First, the basement flooded two days before I (buyer) closed on the place. The carpet and portions of drywall were removed and a new 1/2hp pump was installed by the real estate agents husband. It hasn't rained much these past few weeks although this past Saturday into Sunday morning it rained and I entered my basement Sunday afternoon to find it had flooded again. The water was at the top of the pit and the new Everbilt pump was warm and making a buzzing sound but no longer pumping. 

So today I had a handyman who I've used before come over and we attached a hose to a submersible and pumped water out of the pit for about a HALF HOUR STRAIGHT! When we finally got down to the two inlet pipes we could see water was coming in at a good rate even though it hadn't rained in over 24 hours.

Next, we dug down and removed enough pea gravel to get the bottom of the pit to sit about 3-4" below the inlet drains.

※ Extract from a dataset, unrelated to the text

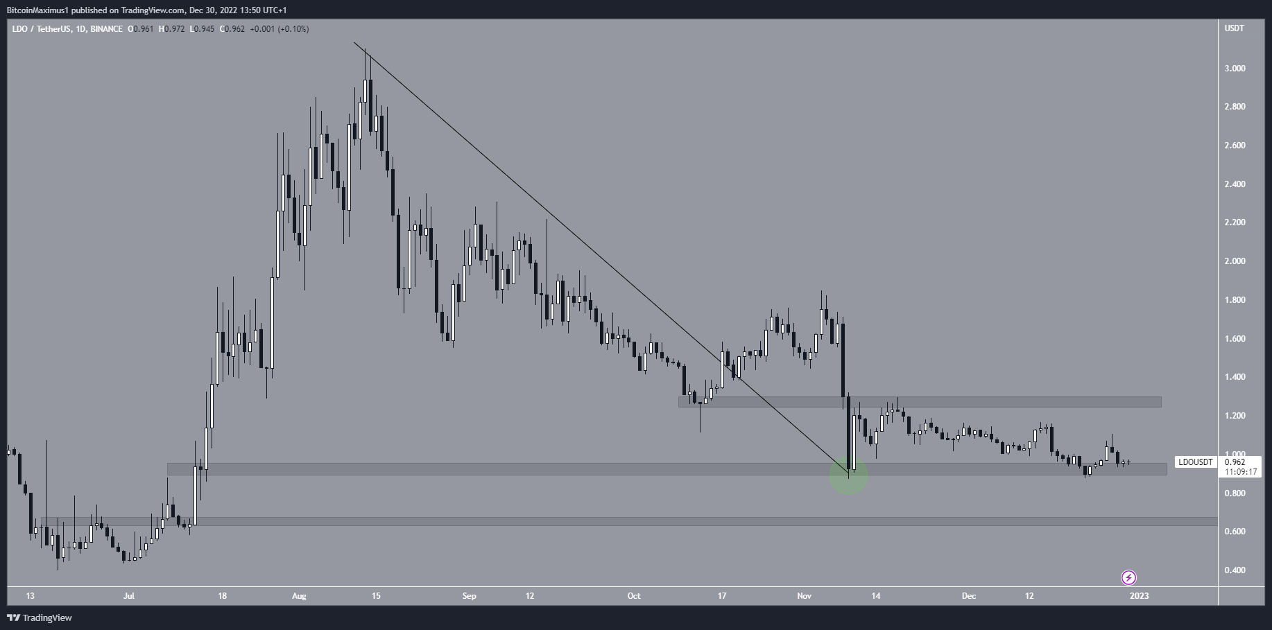 O LDO rompeu uma linha de tendência de baixa em 17 de outubro. No entanto, o movimento de alta não se sustentou e o LDO caiu logo em seguida, validando a linha como suporte em 9 de novembro (círculo verde).

Remember it took a half hour to remove the water from a roughly 4 foot deep pit. The new pump was installed and tested and everything looked fine. We were waiting for the pump to start running like crazy considering how much water was flowing into it before but once the water level rose up to slightly above the part of the pump where the discharge pipe attaches, the water just stopped rising!

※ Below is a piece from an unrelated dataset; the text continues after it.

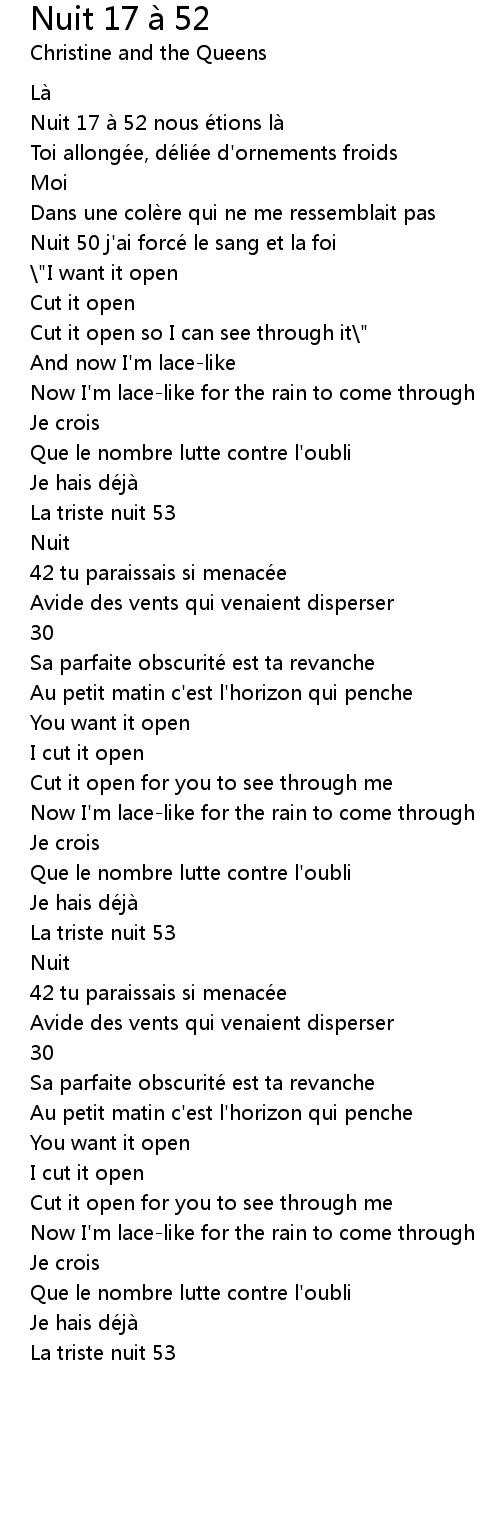| Nuit 50 j' ai forcé le sang et la foi | |

Does this make sense to anybody. Sorry it was so long winded.


----------



## inspectorD (Oct 17, 2016)

Could be a broken water line in your yard, or a spring that just decided to reroute itself... I would look at the water line issue first. 
If you have a well, the pump will be running, if it is town water the meter will be moving....
Other than that, check outside for gutter and downspout issues.. get the water away from the house.
Let us know what you find...


----------



## bud16415 (Oct 18, 2016)

Sounds like you have a high water table and during a storm it comes up quickly. If it is running in at a rate the sump pump can just handle the pump will be forced to run nonstop.  Most of these pumps have a duty cycle that is something less than continuous. The reason the pump stopped working is most likely it overheated from exceeding the duty cycle and not being off long enough to cool down before being asked to start up again. 

The suggestions to try and keep the water away from the house are a good starting point. Then if there is any drop to your land where you could let gravity help with the water thru drain pipes would help. 

When your pump takes the water out how far from the house is the discharge?


----------